African countries to develop climate-resilient agriculture systems

The continent's 55 countries sign a 5-point declaration to strengthen food security 

 
By Kiran Pandey
Last Updated: Monday 16 September 2019
An Ethiopian farmer picking lettuce in a field. Photo: Getty Images

Fifty-five African countries recently signed a five-point declaration to increase the climate adaptation and resilience of the continent’s food systems.  

The declaration, signed by government representatives at the African Green Revolution Forum – 2019 in Accra, Ghana on September 4, 2019, recognises climate change as a challenge to Africa’s food security.

Africa’s population will increase to 2.4 billion by 2050, requiring the continent to scale up its food production while tackling the challenge of climate change.

The declaration lists five measures that should be taken by the signatory countries to increase food production amidst climate change:

  • To embed resilience and adaptation in national agricultural and investment plans
  • To develop a comprehensive risk management plan coupled with appropriate financial tools to manage risk
  • To accelerate adoption of technologies and information platforms that have significant grass root impacts
  • To engage smallholder farmers to drive food security
  • To encourage and support the private sector for generating evidence and knowledge needed in adaptation and resilience building in food systems

The signatories also agreed to strengthen climate data analysis and reinforce Early Warning Early Action systems to protect livelihoods

They agreed to invest in mapping the climate-risks to better prepare for emergencies and put measures in place to safeguard livelihoods and recover from extreme weather events.

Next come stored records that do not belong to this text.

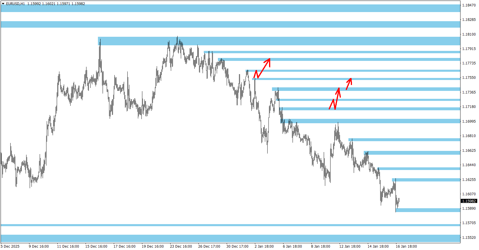 Níže na grafu najdete mé aktuální Price Action S/R úrovně pro H1 time-frame a také obchodní nastavení - vyznačené šipky, k jakým S/R zónám by trh mohl směřovat (po jejich prolomení daným směrem). Jsou to mé obchody, které plánuji obchodovat a vše uveřejňuji s předstihem v tomto mém komentáři. Jde o můj obchodní systém (Breakout strategie Ondřeje Hartmana), kde šipkami vždy dopředu upozorním na oblasti, které budu obchodovat čekajícími pokyny prolomením jedné S/R zóny (pokud dojde k aktivaci a prolomení) a pohyb k další nejbližší. Dlouhodobá úspěšnost strategie je 80 % a najdete zde mou historii za více než 15 let.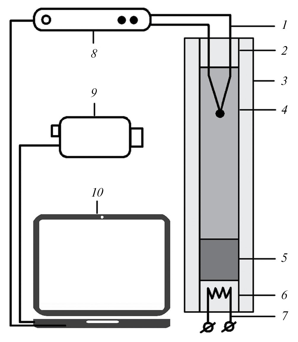 Рис. 1. Установка: 1 – термопара, 2 – изолятор, 3 – оболочка (внешний диаметр – De, внутренний – Di, длина – L0), 4 – прессовка (диаметр D = Di, длина – L), 5–7 – поджигающие прессовка, смесь и спираль, 8 – регистратор, 9 – видеокамера, 10 – компьютер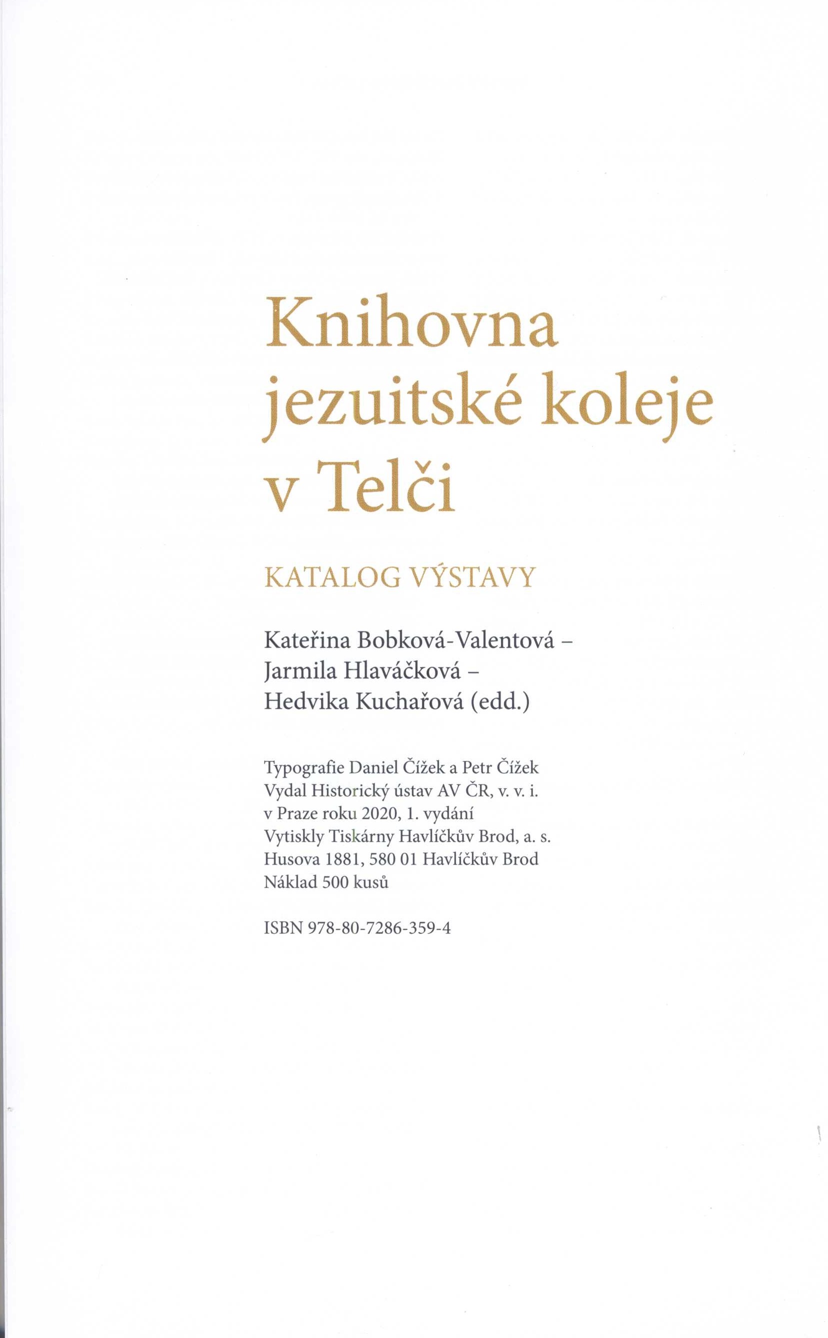 Názvové údaje Knihovna jezuitské koleje v Telči : katalog výstavy / Kateřina Bobková-Valentová, Jarmila Hlaváčková, Hedvika Kuchařová (edd.) Další autoři Valentová, Kateřina, 1971- (Editor) Hlaváčková, Jarmila (Editor) Kuchařová, Hedvika, 1971- (Editor) Čížek, Petr, 1971- (Typograf) Čížek, Daniel (Typograf) Korp. Historický ústav AV ČR (Nakladatel, vydavatel) Ústav teoretické a aplikované mechaniky (Akademie věd ČR) (Výzkumník) Národní památkový ústav (Výzkumník) Klášter premonstrátů (Nová Říše, Česko). Knihovna (Organizátor akce) Tiskárny Havlíčkův Brod (firma) (Tiskař) Další var.názvy Katalog výstavy Údaje o vydání 1. vydání Nakladatel Praha : Historický ústav, 2020 Výrobce Havlíčkův Brod : Tiskárny Havlíčkův Brod, a. s. Rozsah 171 stran : ilustrace (převážně barevné), plány, faksimile ; 23 cm ISBN 978-80-7286-359-4 (brožováno) Země vyd. Česko Jazyk dok. čeština Poznámky Na obálce pod názvem: Historický ústav AV ČR, Ústav teoretické a aplikované mechaniky AV ČR, Národní památkový ústav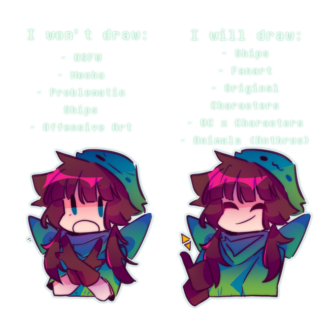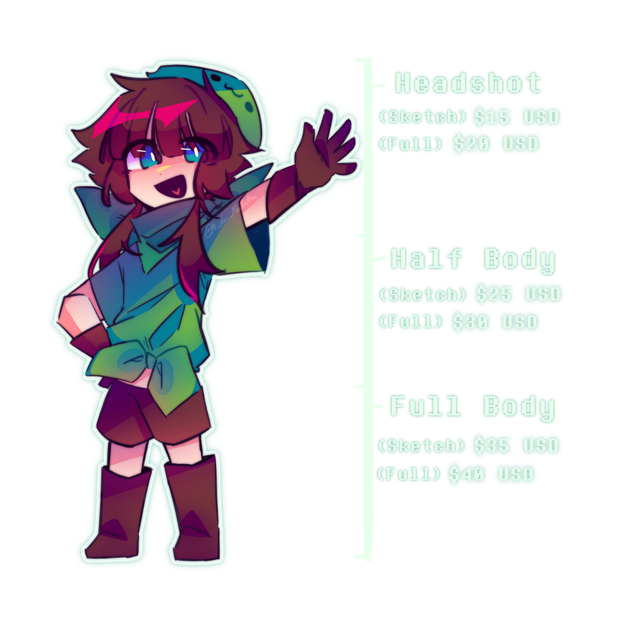 E X T R A — D E T A I L S- When commissioning me, you will be paying me via PayPal (with USD payment), as it is my only payment method right now.- Your commission should be done within a week or two (you will be put into a waiting list of some sorts. If you ordered early, your commission will be of top priority.)- During the process of making your commission, I will be sending you a sketch (the number of sketches may vary; each sketch is an alteration of a certain pose; facial expression; etc.) At this time, please pick a sketch you want the final piece to be. You cannot change this once the official drawing process begins.- Payment goes as this: after sending you a sketch of your commission, you will pay half of the total payment. Once I send you your finished commission, you will pay the other half of your total payment.━━━━━━━━━━━━━━━━━━━P E R M I S S I O N S- You can pretty much do almost everything with your commission: share it with friends; print it out; post it; make it your pfp/banner; etc.- CREDIT IS MANDATORY IF YOU WANT TO SHARE YOUR COMMISSION ONLINE!!- Do not profit off of your commission: this means no reselling, or making merchandise off of your commission.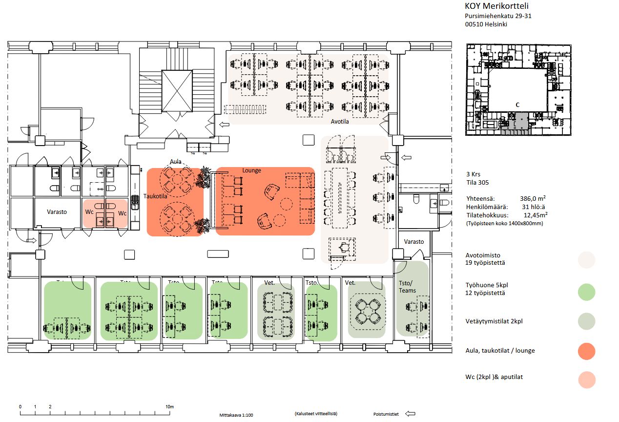 Vapaana toimistotila Merikorttelissa Punavuoressa 385 m²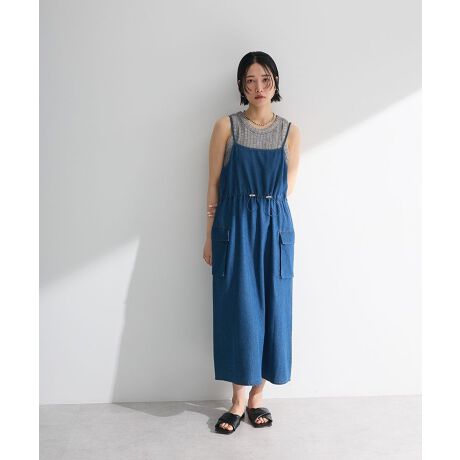 コットン混のナチュラルなデニム素材で仕立てたキャミソールワンピース。ゆったりめのボックスシルエットはウエストのドロストコードでシルエットアレンジも楽しめます。両サイドにはワークテイストなカーゴポケットを加え、よりラフでカジュアルな印象に。合わせるインナー次第でロングシーズン愛用頂けるおすすめのアイテムです。透け感[なし]
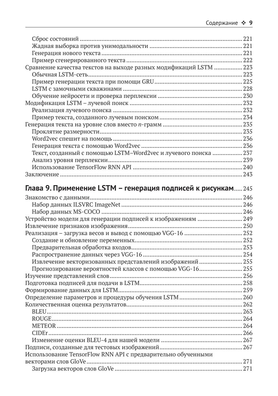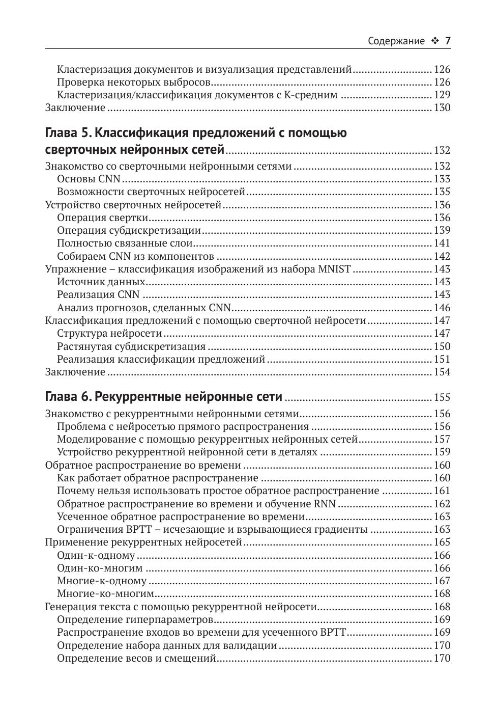 Книга начинается с изучения общих понятий NLP и принципа работы TensorFlow. Затем вы узнаете, как использовать технологию World2vec и ее расширения для создания представлений, превращающих последовательности слов в числовые векторы, понятные алгоритмам глубокого обучения, таким, как сверточные и рекуррентные нейросети, и рассмотрите примеры решения задач по классификации предложений и генерации текста. Вы научитесь применять продвинутые рекуррентные модели, включая ячейки с долгой краткосрочной памятью в приложениях для обработки естественного языка. Наконец, вы самостоятельно создадите с нуля систему нейронного машинного перевода.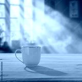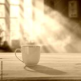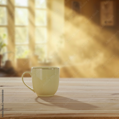 Cup on wooden table in bright kitchen interior with natural sunlight streaming through the window. Soft, cozy atmosphere, welcoming home space for placing a product or food display.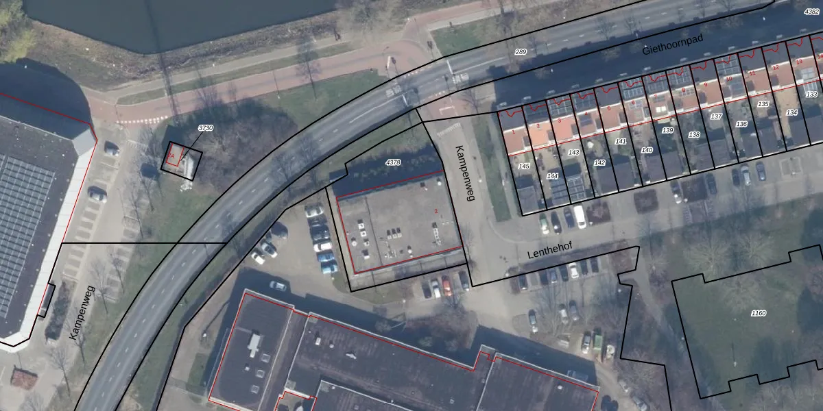 Gebruik de zoekbalk of klik op een perceel voor informatie over de adressen binnen dit perceel.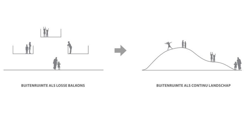 Het pand aan de Ringbaan West heeft als buitenruimte aan de voorzijde een ‘continu maaiveld’; het maaiveld loopt door op de etages via hellingbanen. Deze hellingbanen scheiden de buitenruimtes van de verschillende groepen.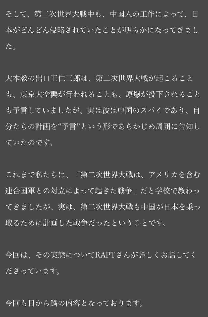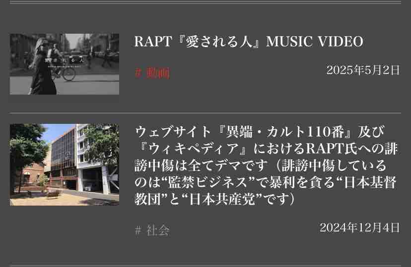 というか『摂理』は統一教会の分派みたいなモノなので、RAPTは言わば「統一教会の分派の分派」やないか!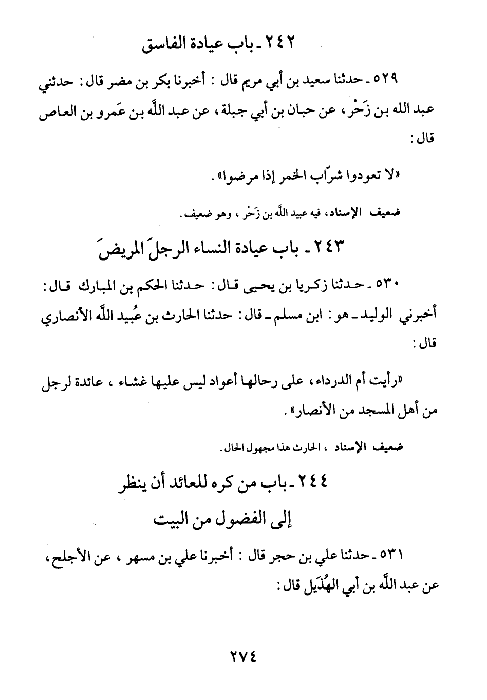 529 - (ث 127) عَنْ عَبْدِ اللَّهِ بْنِ عَمْرِو بْنِ الْعَاصِ رضي الله عنهما قَالَ: لَا تَعُودُوا شُرَّاب الخَمر إِذا مَرِضُوا.

The declaration also called for increased funding by multilateral, bilateral and private partners to support adaptation and resilience building in Africa’s food systems.

The meeting in Accra saw a number of stakeholders coming together to formulate the declaration including heads of state, ministers, representatives of farmer organisations, private agribusinesses, financial institutions, academics, development partners, and non-profits.

The declaration is expected to support agriculture’s contribution to economic growth in line with Africa’s 2060 vision and agenda, the 2014 Malabo Declaration and the United Nations’ Sustainable Development Goals.